I will never buy a Poulan again!!!!!!!


----------



## Chipmaker (Sep 16, 2003)

Ah come on, don;t you know that a Poulan is the best dawg gone chainsaw in the world! (Anyone remember that statement someone used to always post on that other forum?)

I for one can not knock Poulan Chainsaws, as I got over 20 + hard, and I mean HARD years out of 2 of my Poulans, a 3400 and a 3700 neither of which were Pro saws..........I even managed to get over 15 years out of a 2000 tophandle saw............and when you consider what I paid for these saws that were returns to the store and on the clearance table was less than $125 for all three..........I would say I should owe Poulan some money......But that was then this is now, and I would not get caught with a new Poulan / weedeater anything. There is just something abnout a company that makes a saw called the wild thing, and has them in Purple and green.


----------



## Wingnut (Aug 21, 2004)

When Poulan and Weedeater merged and were bought by Electrolux the quality went down fast!
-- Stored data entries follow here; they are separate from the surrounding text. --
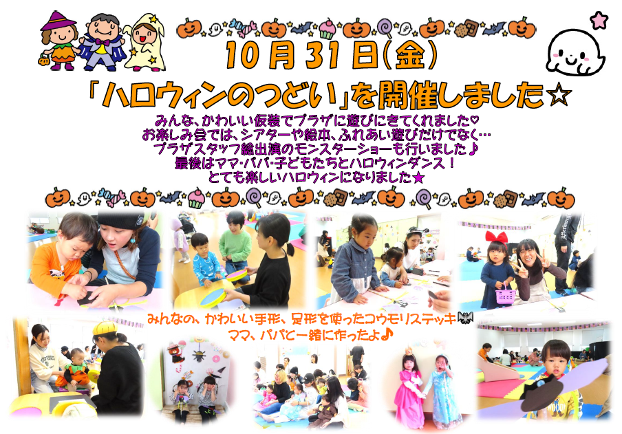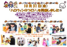 「ハロウィンのつどい」を開催しました! たくさんの子ども達が、 かわいい仮装で遊びにきてくれました♪ 絵本やスケッチブックシアター、ふれあい遊びなども楽しみました! 最後はスタッフ総出演のモンスターショー★☆ みんなでハ […]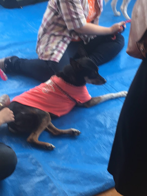 吃饭的时候有人带狗进来。那只狗走过去跟taotao玩,还把舌头伸出来,吓死我了。我让taotao拦住他,不要让它过来。不过后来我在raku老师陪同下去摸它了。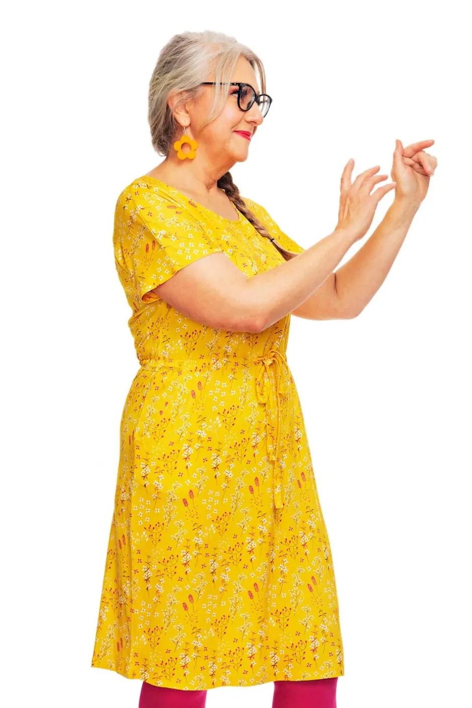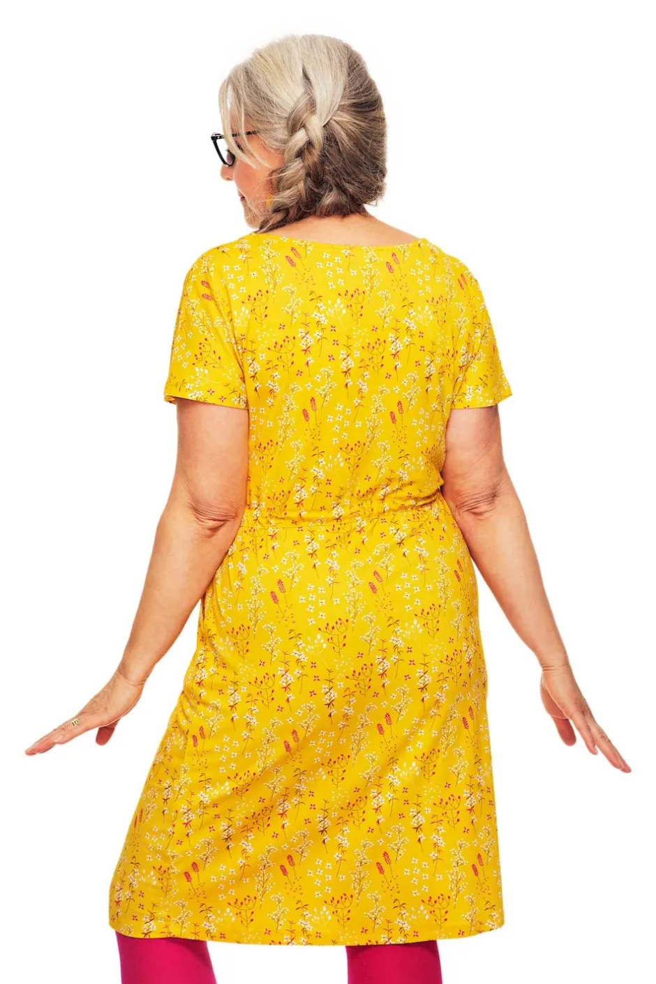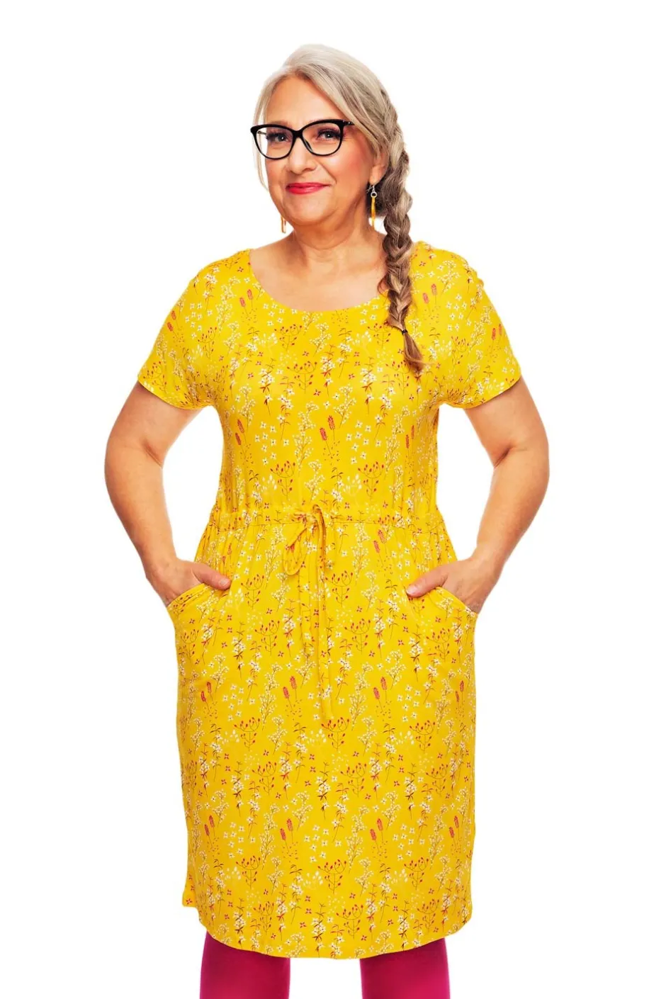 Bella är en avslappnad sommarklänning i mjuk och stretchig viskostrikå med korta ärmar och dragsko i midjan och rund halsringing. Klänningen har fickor.

Just like when Harley Davidson was part of AMF!
Poulan had a great product when it was an independant company, but since they are just a cog in a corporation only numbers count (how many unit sold this month). Compared to old Poulan "We only sell quality chainsaws or we are not in business next year". 

Hopefully Poulan can pull a Harley Davidson and become a independant company and produce a quality chainsaws again. 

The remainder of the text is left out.